A host of circumstances is forcing professional engineers to redefine their roles and their right to use the title. The article on page 20 deals with one aspect: the growing requirement for engineers to have specialist certification before they are allowed to practice in certain areas. The provincial licensing associations are also wrestling with a mounting pile of other fundamental questions related to licensing, questions about technologists, software designers, how to verify members’ continuing competence, etc..

Meanwhile, the general idea of what an engineer represents is diverging in two quite different directions. On one hand, an engineering degree and licence is seen as denoting a general skill in problem solving. Someone has even predicted that engineering will be the liberal arts degree of the 21st century. On the other hand (and lay people tend to see it this way), engineering is viewed as the acquisition of very specific “hard” skills in a diverse field of arcane technologies.

The distinction between those who daily practise “hard” engineering and those who have gone on to managerial roles or non-engineering careers has led some to argue for a whole new approach to licensing — one that severs the title of Professional Engineer from the licence to practice. Such a move could be used to overhaul and bring clarity to the licensing systems, which at present are so complex that even engineers themselves don’t always understand the different designations, let alone members of the public. The rules also vary from province to province.

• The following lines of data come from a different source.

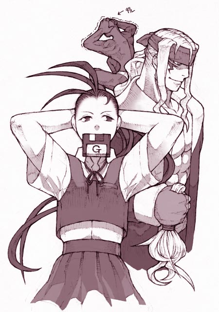 描いた日時が前後するんですが、同人誌順で掲載しました。 「Strike the 3rd」の改訂に伴い、裏表紙用として描いたものです。 アレクにはもちろんパットなんですが、この組合せも結構好きです。 ちなみに後ろにいるのは、文字どおり毛もむしられたギルです。
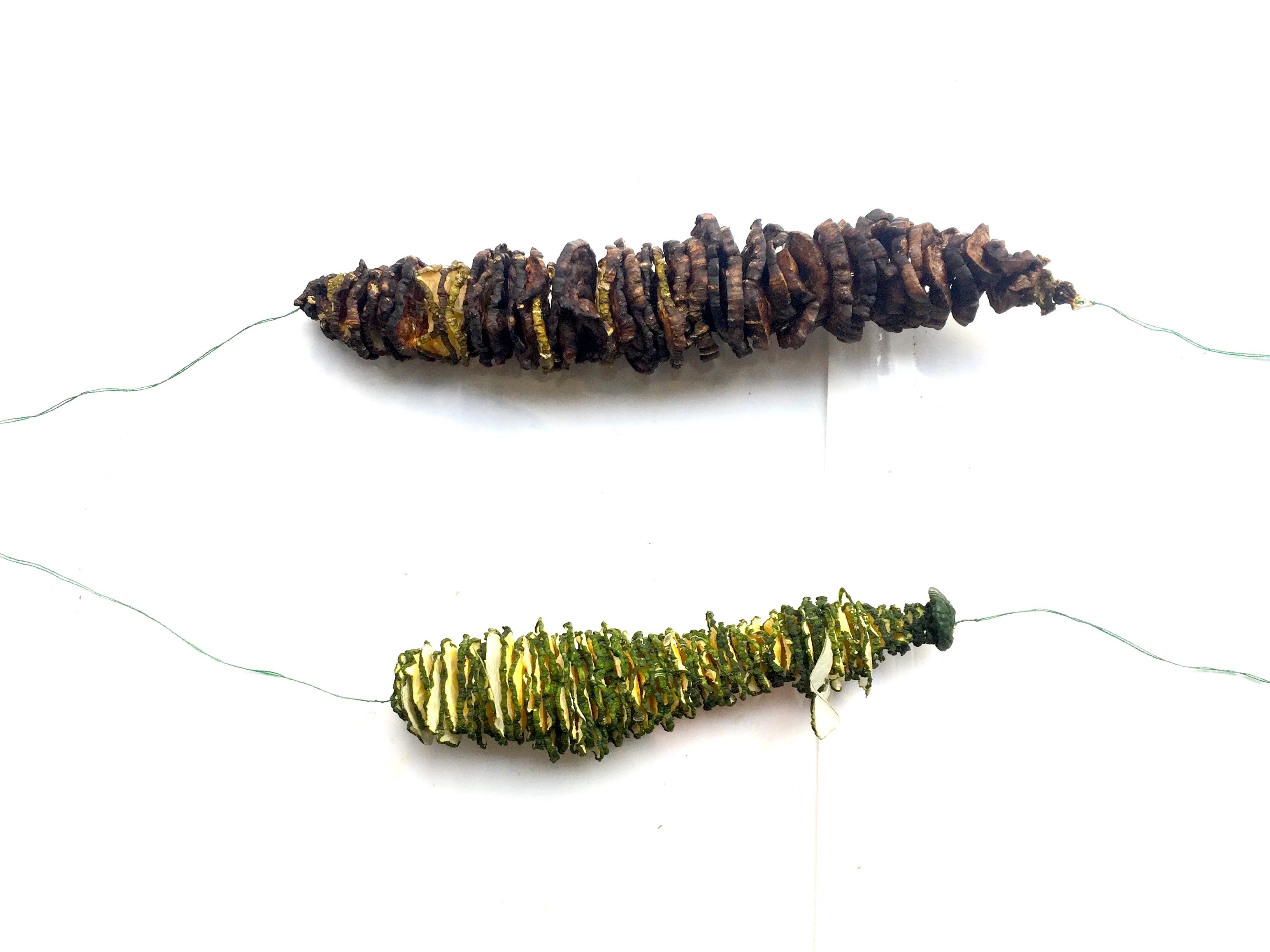 “Peeling into the timeline” simulates a situation of peeling a cucumber into continuous strips, like peeling an apple. The whole stripe looks like a lifetime of experiences, and the veins on it are experiences. It can also be understood as an electrocardiogram of experience. Once life is over, the cucumber is cut off, and the veins on it will not continue.
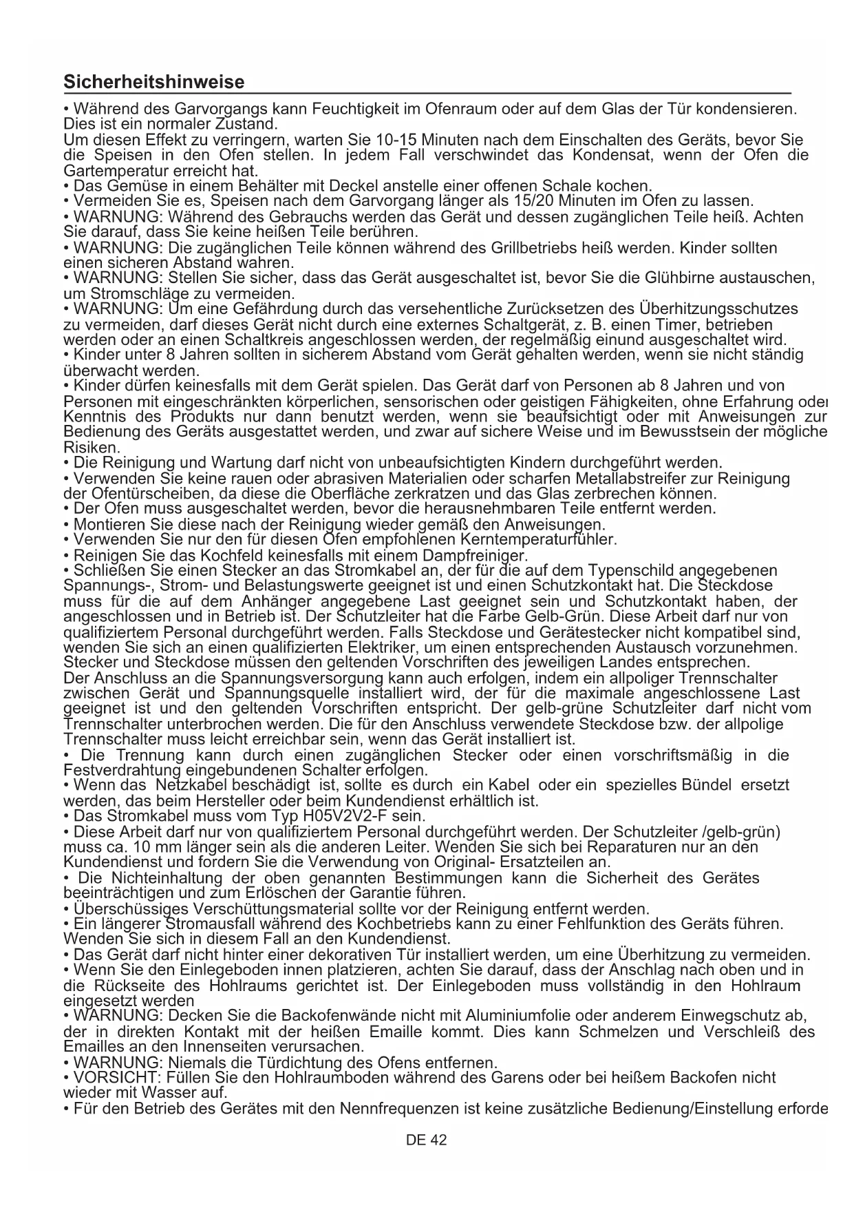 - Das Stromkabel muss vom Typ H05V2V2-F sein.
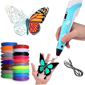 SHISHI 3D Printing Pen with Display – Includes 3D Pen, 3 Starter Colors of PLA Filament, Stencil Book + Project Guide, and Charger
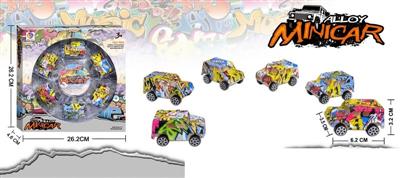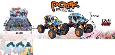 1:32涂鸦合金前后回力带弹簧避震攀爬车12PCS(带灯光声音)

If engineers were to be licensed to practice according to their technical skills, then surely the way to do it is on a national basis. Then engineers could carry their accreditation with them from province to province, and they might find it easier to make inroads into our large free-trade neighbour to the south. The accreditation process could be done through a specially established College, through the Canadian Council of Professional Engineers, or even through the societies like the Canadian Society for Civil Engineering, or the Canadian Society for Mechanical Engineering.

Of course, whether the provincial associations are willing, or legally able, to give up their territorial rights in the area of licensing is debatable. The “will to power” rules most human affairs, as Nietzsche, a philosopher closer to our own time, noted. But unless we are willing to dismantle provincial barriers, the pointless duplication that hampers Canada’s efficiency in so many areas will prevail.